Databases and Tables

Tables are a simple way to make structured data available across your organization. A user can query tables with Spark SQL or any of Apache Spark’s language APIs. A user defines a table using the Create Table UI (Creating Tables) or programmatically (Create Tables Programmatically).

Databricks uses the Hive metastore to manage tables, and supports all file formats and Hive data sources. Tables are no different from Apache Spark DataFrames. That means that you can cache them, filter them and perform any other relevant Spark operations on them.

Tip

Use the Spark SQL Language Manual as a reference for SQL commands.

Choosing a cluster

In Databricks, creating and viewing databases and tables requires you to select a cluster. By default, Databricks will choose any cluster to which you currently have access. The cluster used can be changed at any time from the Data sidebar, Create Table UI, or the View Table UI.

To change the cluster used from the Data sidebar, click Tables Icon, then open the cluster selector by clicking Data Cluster Dropdown Icon at the top of the Databases panel. Select a cluster from the list displayed. After you have selected a cluster, the database and table lists will be refreshed using the selected cluster.

Listing Databases and Tables

View available tables by clicking Tables Icon from the main menu. Note that you must have a cluster to view Tables.

Create Tables List

Note

There are two kinds of tables in Databricks:

  • “Global” tables are accessible across all clusters.
  • “Local” tables that are only available within one cluster.

Only global tables are visible in the Tables panel. See Create Tables Programmatically below for more details.

Creating Tables

Tables support a variety of Apache Spark data sources. For example:

To create a table using the UI, click Tables Icon to open the tables list and click the Add Table Icon at the top of the Tables panel. Then follow the steps below for your desired datasource.

sources

Create from Amazon S3

You can create a table directly from data you have on S3.

Note

Databricks will not read data from a table created from S3 until a user accesses it. If you change the data in the S3 directory, the table will reflect the new data. See Updating Tables for details.

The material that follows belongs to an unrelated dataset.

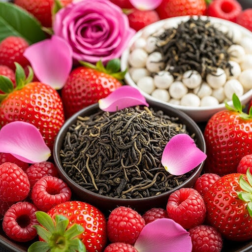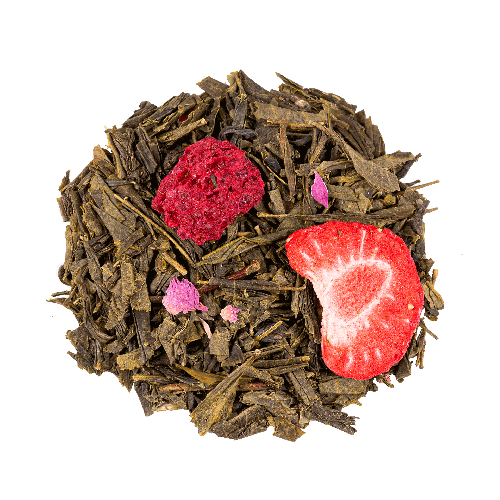 Ingrédients: Thé vert China Sencha, arôme naturel de fraise, China White Monkey, fraise, framboise, arôme naturel de framboise, pétales de rose, China Jasmin Dragon Pearls.

  1. Select S3 and fill in your S3 information including bucket name.
Table Create from S3
  1. A File Browser appears which allows you to select the directory that contains the csv text files to import. Then hit Preview.
S3 File Browser
  1. Finally, preview the table and select a name, the file format, delimiter, and the column names and types. Click “Create Table” to finish creating the table.
S3 Table Details

Create from local file(s)

  1. Select File as the data source, then drag and drop your CSV, JSON, Parquet, or Avro files.
Table Create from File
  1. Fill in the table name, check the file format, set the column delimiter, and name the table columns. Click “Create Table” to finish creating the table.

Tip

If you want to process the files in Apache Spark without creating a table, follow the guide in Importing Data.

Create from DBFS

If you already have data in Databricks File System - DBFS, you can create a table from it.

Databricks will not read data from a table created from S3 until a user accesses it. If you change the data in the S3 directory, the table will reflect the new data. See Updating Tables for details.

  1. Select DBFS as the data source and select the directory that contains the files you want to create the table from. You must select a directory, not a file.
Table Create from DBFS
  1. Preview the table, select a name, the file format, delimiter, and the column names and types. Click “Create Table” to finish creating the table.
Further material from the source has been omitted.